WORK REQUIRED:
Return all the data verbatim but without images.

RECORDS:
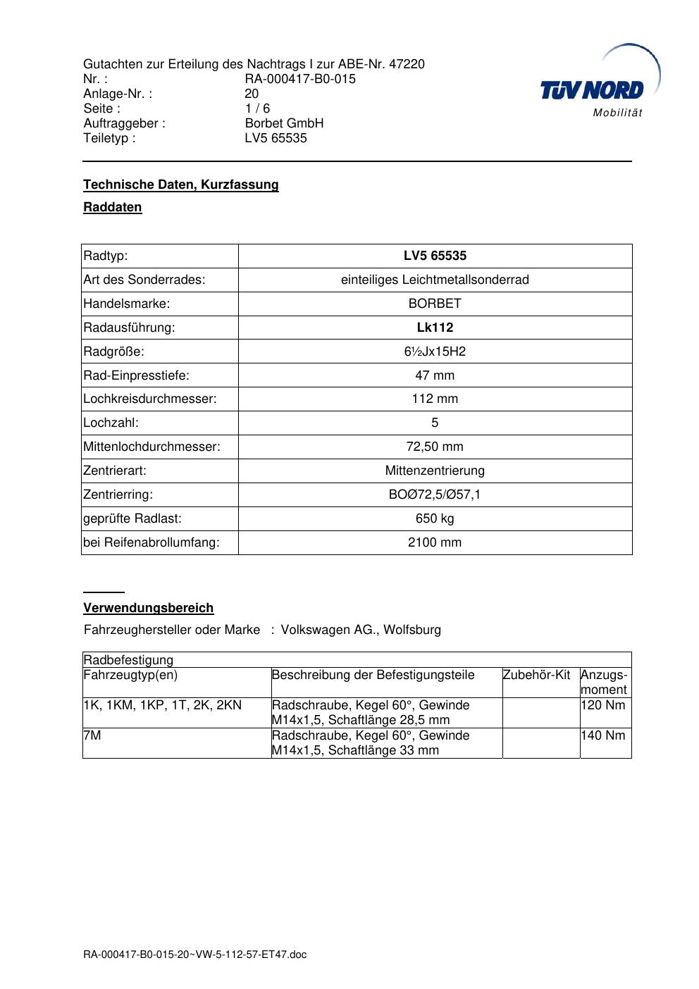 Dieses Gutachten (abe) bezieht sich auf die Alufelge brand-borbet LV5 65535 in der Ausführung ET 0, Mittenloch 0 mm (KBA 47220). Im PDF findest du typischerweise zulässige Reifengrößen, Auflagen/Anbauhinweise und – je nach Dokument – Hinweise zur Eintragung.
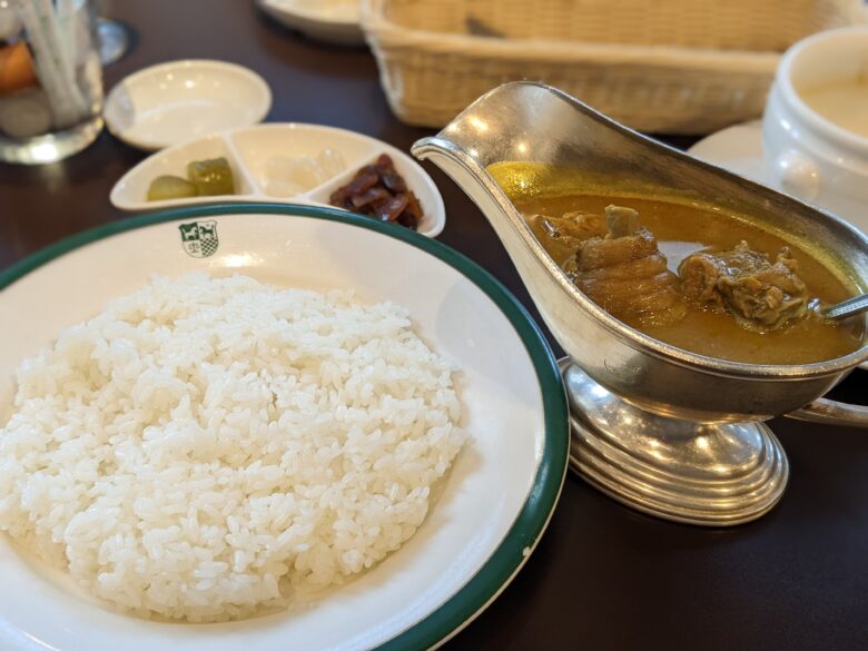 注文したのは中村屋本店の名物「インドカリー」ブ!骨付きチキンと大きなじゃがいもがゴロッと入っていて、口に運ぶとスパイスの香りが一気に広がるブ。ルーは調和が取れていて、辛さもほどよく絶妙ブ。チキンは柔らかくてホロリと食べやすく、薬味をおかわりして好みにアレンジできるのも魅力ブ!満足度の高い一皿だったブ!
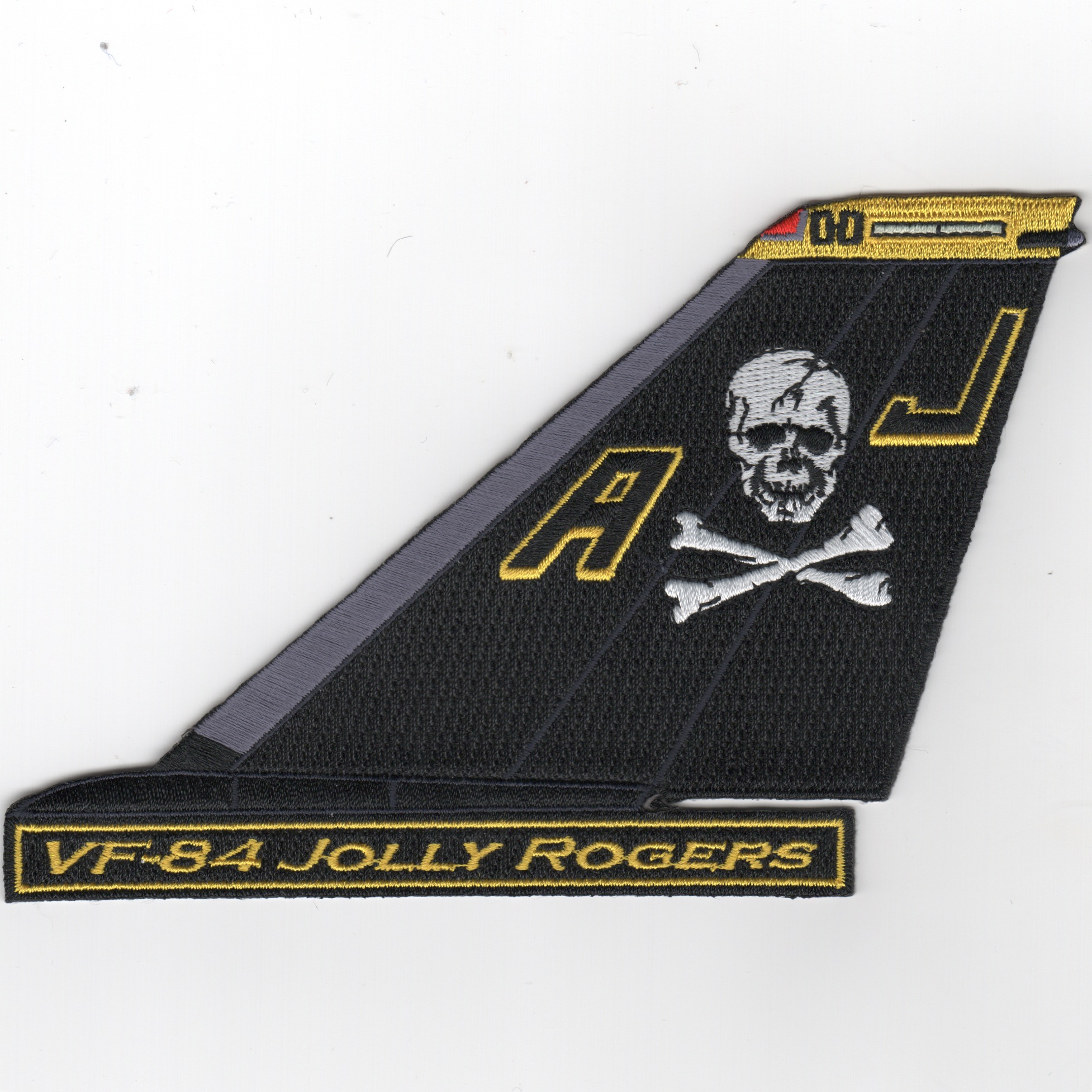 This is the F-14 Tomcat Tail Fin for VF-84 “”””Jolly Rogers”””” without the text. This version of the tailfin patch has the darker leading edge of the vertical tail.
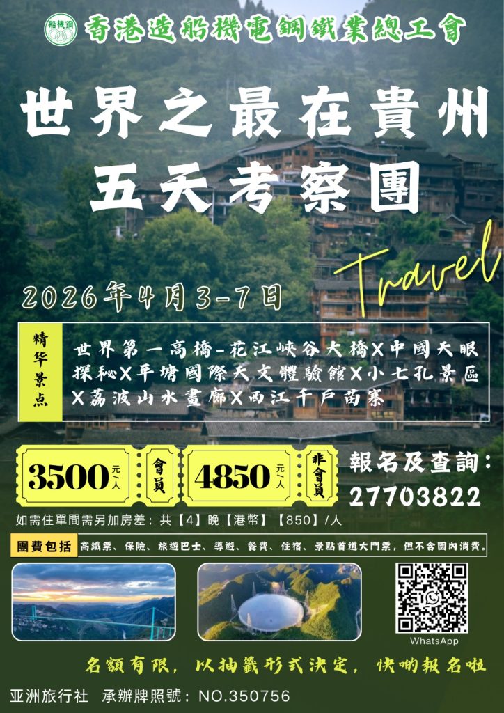 🌍 世界之最在貴州・5 天考察團 🔥 名額抽籤速報!一次走齊「世界第一高橋 + 中國天眼 + 人間仙境 + 千 […]
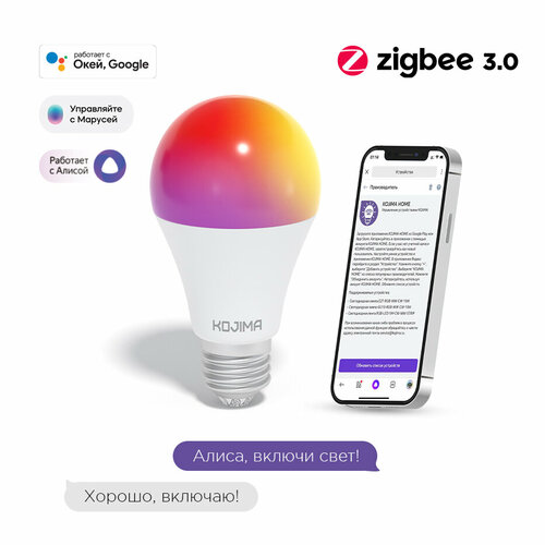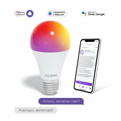 Умная лампочка KOJIMA RGB с Wi-Fi, Яндекс Алисой, Google Home, Марусей, Smart Bulb 10W E27
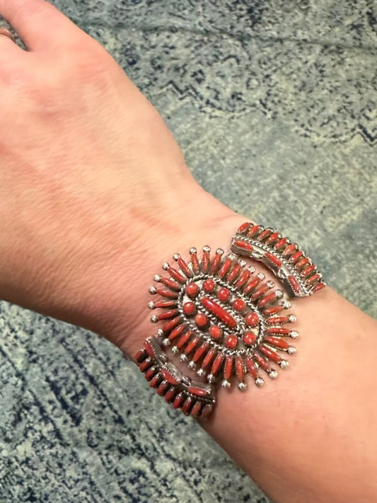 Zuni Needlepoint & Petit Point Coral Cuff, by artist Eva L. Wyaco
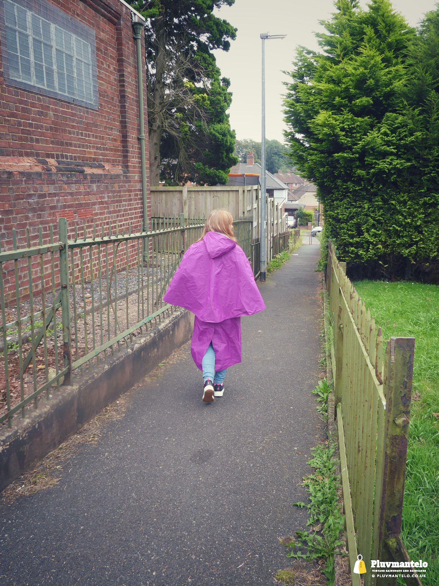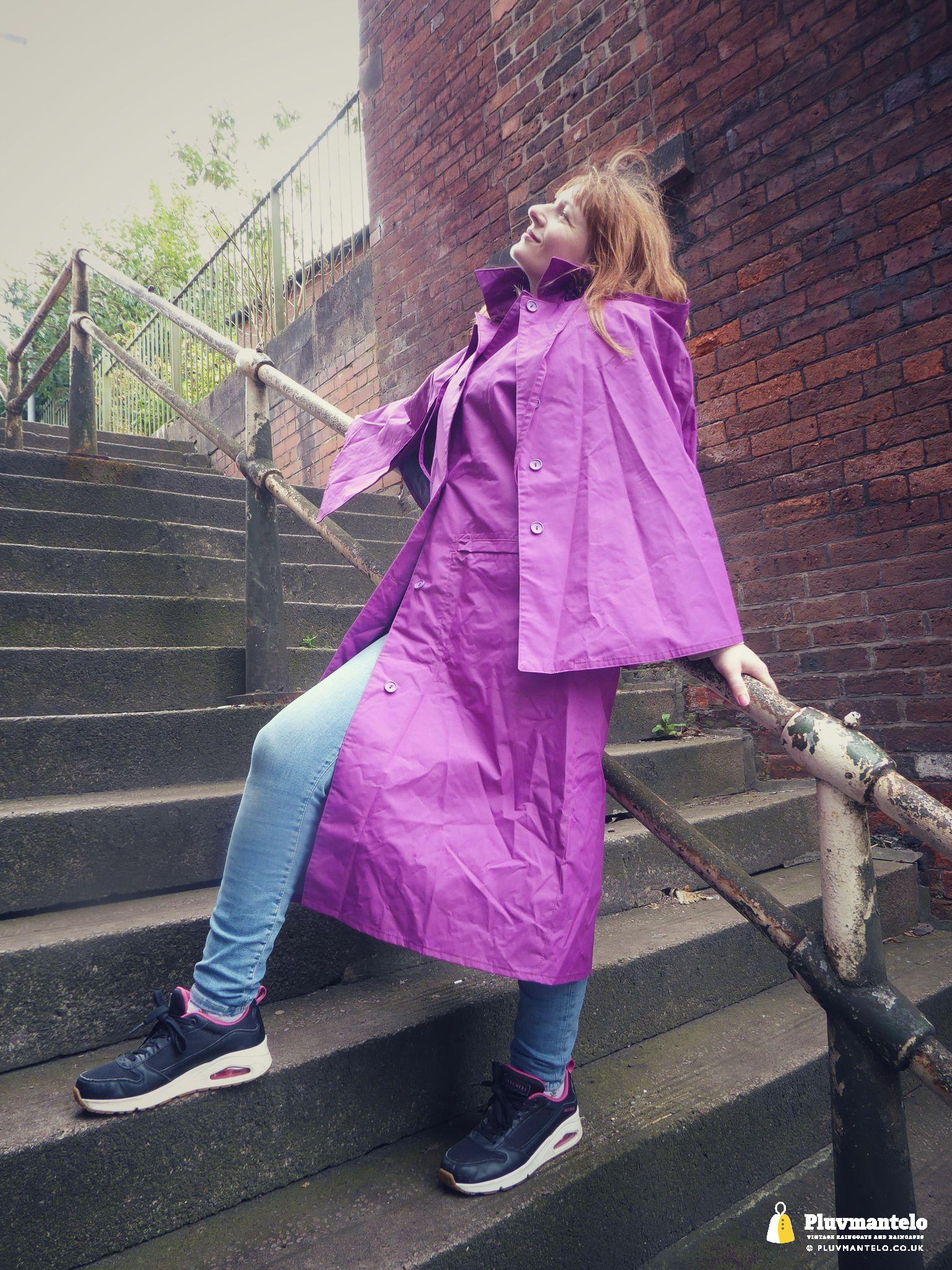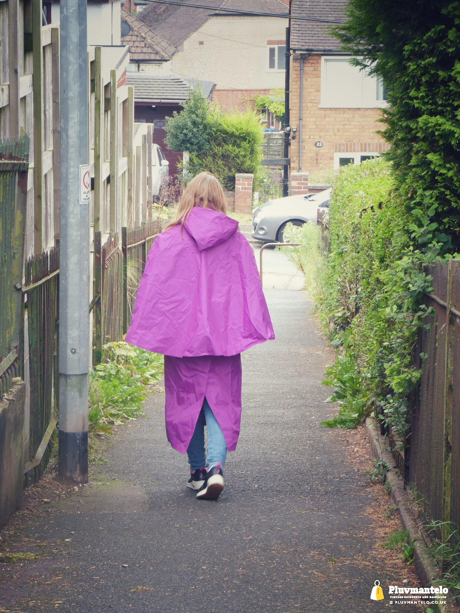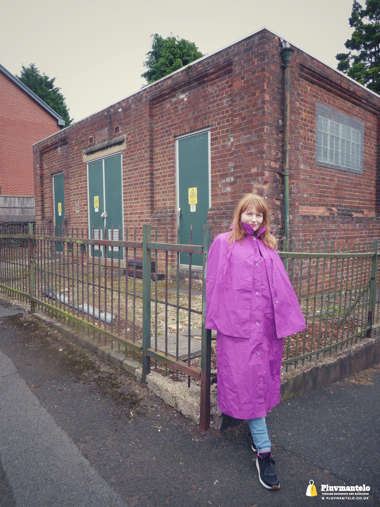 Clair The Cape Queen’s purple cape is something that little bit different, being, in reality, a case of cape-meets-coat. But’s unusual, it’s a bit left-of-centre looks-wise but it’s more than useful, The Cape Queen says. But, on this day, she was grateful for it as it kept her warm and dry as she set off for a walk around the town centre. On the walk she took in some fine municipal 1940s architecture too. Clair rates this ‘cape’ highly – what do you think?

OUTPUT FOR THIS EXERCISE:
 Dieses Gutachten (abe) bezieht sich auf die Alufelge brand-borbet LV5 65535 in der Ausführung ET 0, Mittenloch 0 mm (KBA 47220). Im PDF findest du typischerweise zulässige Reifengrößen, Auflagen/Anbauhinweise und – je nach Dokument – Hinweise zur Eintragung.
 注文したのは中村屋本店の名物「インドカリー」ブ!骨付きチキンと大きなじゃがいもがゴロッと入っていて、口に運ぶとスパイスの香りが一気に広がるブ。ルーは調和が取れていて、辛さもほどよく絶妙ブ。チキンは柔らかくてホロリと食べやすく、薬味をおかわりして好みにアレンジできるのも魅力ブ!満足度の高い一皿だったブ!
 This is the F-14 Tomcat Tail Fin for VF-84 “”””Jolly Rogers”””” without the text. This version of the tailfin patch has the darker leading edge of the vertical tail.
 🌍 世界之最在貴州・5 天考察團 🔥 名額抽籤速報!一次走齊「世界第一高橋 + 中國天眼 + 人間仙境 + 千 […]
 Умная лампочка KOJIMA RGB с Wi-Fi, Яндекс Алисой, Google Home, Марусей, Smart Bulb 10W E27
 Zuni Needlepoint & Petit Point Coral Cuff, by artist Eva L. Wyaco
 Clair The Cape Queen’s purple cape is something that little bit different, being, in reality, a case of cape-meets-coat. But’s unusual, it’s a bit left-of-centre looks-wise but it’s more than useful, The Cape Queen says. But, on this day, she was grateful for it as it kept her warm and dry as she set off for a walk around the town centre. On the walk she took in some fine municipal 1940s architecture too. Clair rates this ‘cape’ highly – what do you think?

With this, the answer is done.